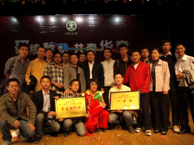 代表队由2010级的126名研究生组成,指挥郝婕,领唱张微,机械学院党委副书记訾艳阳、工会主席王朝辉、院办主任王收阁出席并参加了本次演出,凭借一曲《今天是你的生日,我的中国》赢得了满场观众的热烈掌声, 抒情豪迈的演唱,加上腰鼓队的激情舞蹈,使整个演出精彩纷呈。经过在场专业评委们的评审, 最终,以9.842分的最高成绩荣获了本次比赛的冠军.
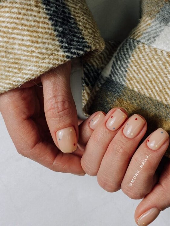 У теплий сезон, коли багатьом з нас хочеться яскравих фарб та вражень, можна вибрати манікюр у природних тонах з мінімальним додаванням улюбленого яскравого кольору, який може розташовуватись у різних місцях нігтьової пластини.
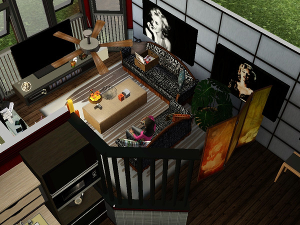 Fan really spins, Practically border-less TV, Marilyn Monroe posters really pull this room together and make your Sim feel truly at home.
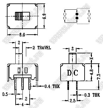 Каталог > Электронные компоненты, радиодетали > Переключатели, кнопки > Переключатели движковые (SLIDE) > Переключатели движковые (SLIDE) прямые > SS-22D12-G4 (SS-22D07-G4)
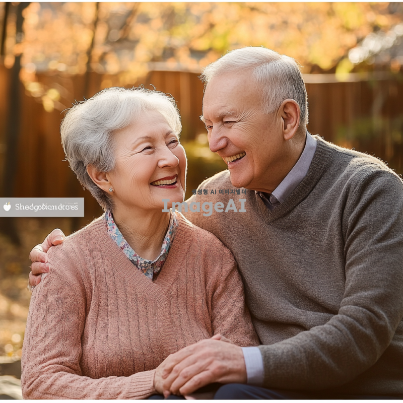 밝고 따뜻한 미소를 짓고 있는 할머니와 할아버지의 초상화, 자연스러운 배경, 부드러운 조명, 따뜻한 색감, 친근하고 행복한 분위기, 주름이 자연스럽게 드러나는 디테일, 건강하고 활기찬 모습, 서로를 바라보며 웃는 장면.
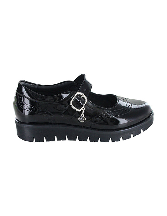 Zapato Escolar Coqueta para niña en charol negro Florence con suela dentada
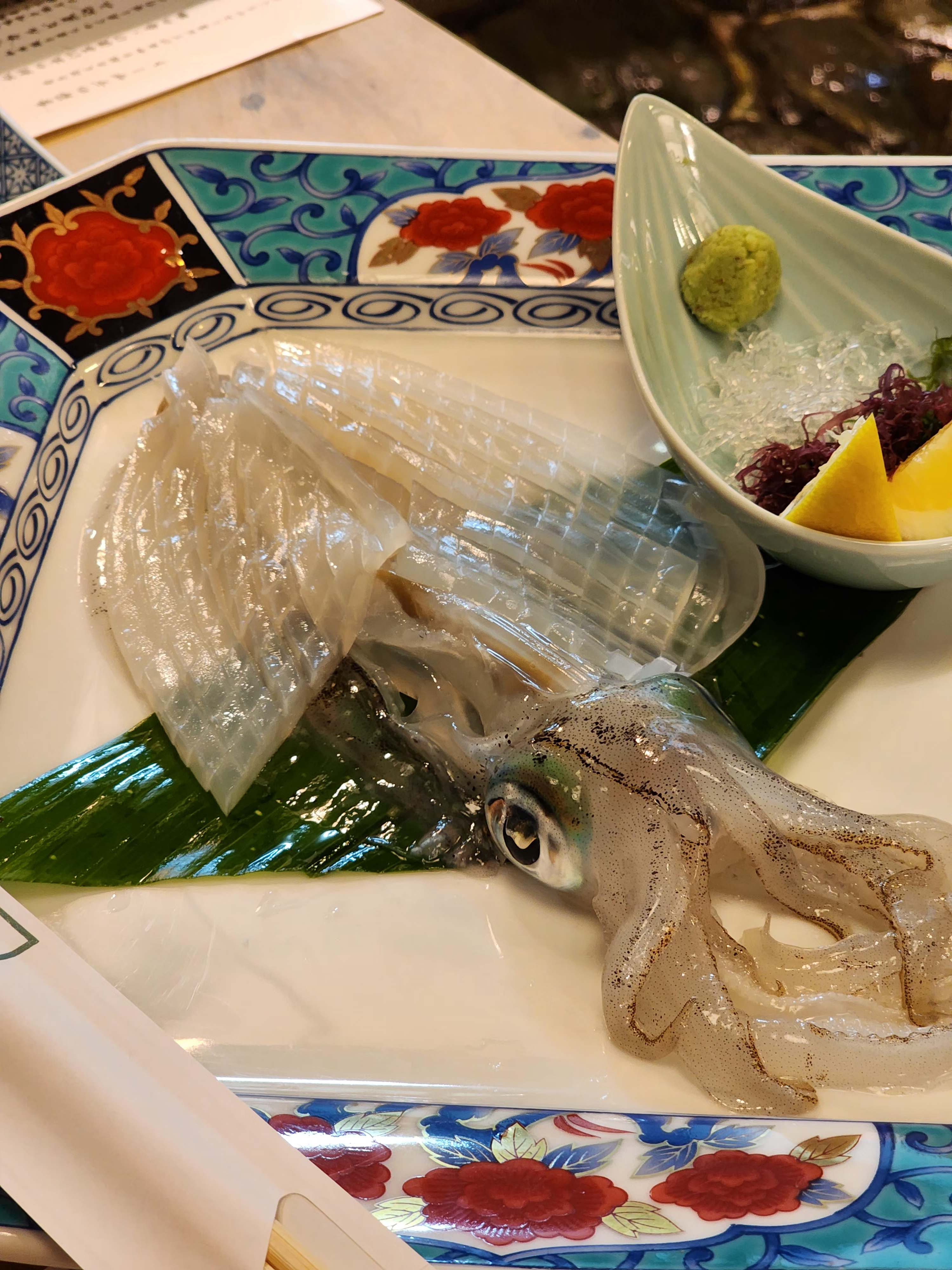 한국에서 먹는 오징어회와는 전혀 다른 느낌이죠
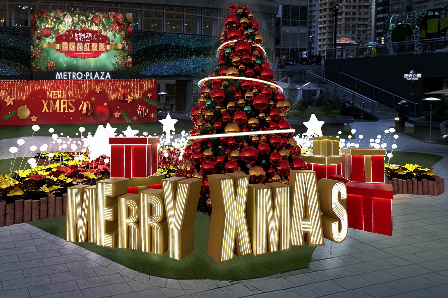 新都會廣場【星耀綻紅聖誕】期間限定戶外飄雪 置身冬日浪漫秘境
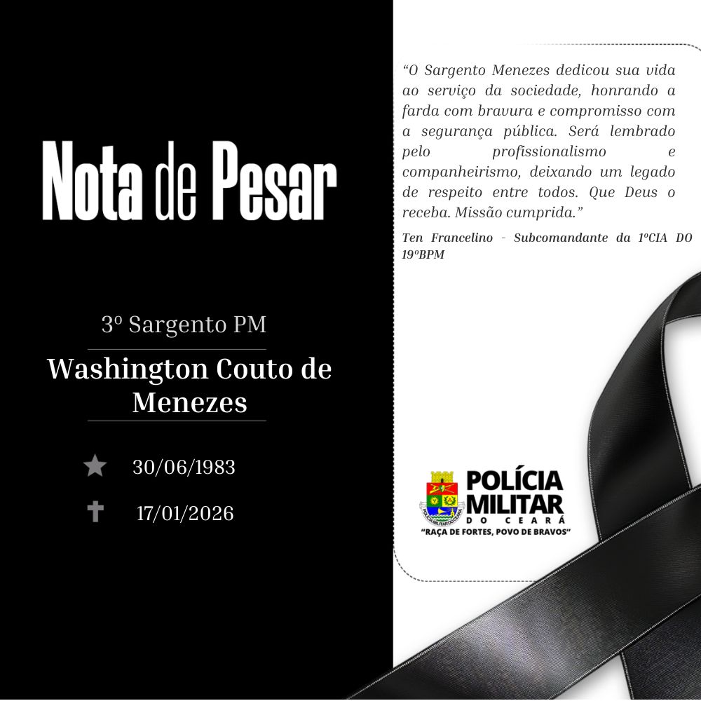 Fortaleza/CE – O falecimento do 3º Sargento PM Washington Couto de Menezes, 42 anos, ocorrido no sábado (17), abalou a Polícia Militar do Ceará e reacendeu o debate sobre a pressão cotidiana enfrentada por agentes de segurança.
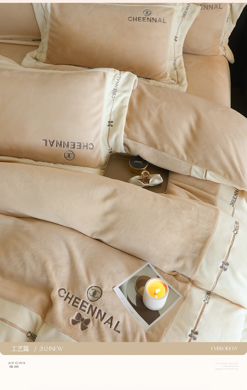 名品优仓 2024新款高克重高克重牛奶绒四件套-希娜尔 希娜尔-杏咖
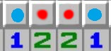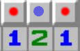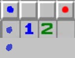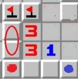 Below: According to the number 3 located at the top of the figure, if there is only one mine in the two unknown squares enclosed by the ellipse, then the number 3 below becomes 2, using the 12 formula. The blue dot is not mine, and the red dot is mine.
■ ■ ■ ■
## WHAT THE TASK ASKS
Take the line that contains "밝고 따뜻한 미소를 짓고" as the first and the last line of the records as the end, and please quote those lines exactly, pictures omitted.

## RESULT OF THIS TASK
 밝고 따뜻한 미소를 짓고 있는 할머니와 할아버지의 초상화, 자연스러운 배경, 부드러운 조명, 따뜻한 색감, 친근하고 행복한 분위기, 주름이 자연스럽게 드러나는 디테일, 건강하고 활기찬 모습, 서로를 바라보며 웃는 장면.
 Zapato Escolar Coqueta para niña en charol negro Florence con suela dentada
 한국에서 먹는 오징어회와는 전혀 다른 느낌이죠
 新都會廣場【星耀綻紅聖誕】期間限定戶外飄雪 置身冬日浪漫秘境
 Fortaleza/CE – O falecimento do 3º Sargento PM Washington Couto de Menezes, 42 anos, ocorrido no sábado (17), abalou a Polícia Militar do Ceará e reacendeu o debate sobre a pressão cotidiana enfrentada por agentes de segurança.
 名品优仓 2024新款高克重高克重牛奶绒四件套-希娜尔 希娜尔-杏咖
 Below: According to the number 3 located at the top of the figure, if there is only one mine in the two unknown squares enclosed by the ellipse, then the number 3 below becomes 2, using the 12 formula. The blue dot is not mine, and the red dot is mine.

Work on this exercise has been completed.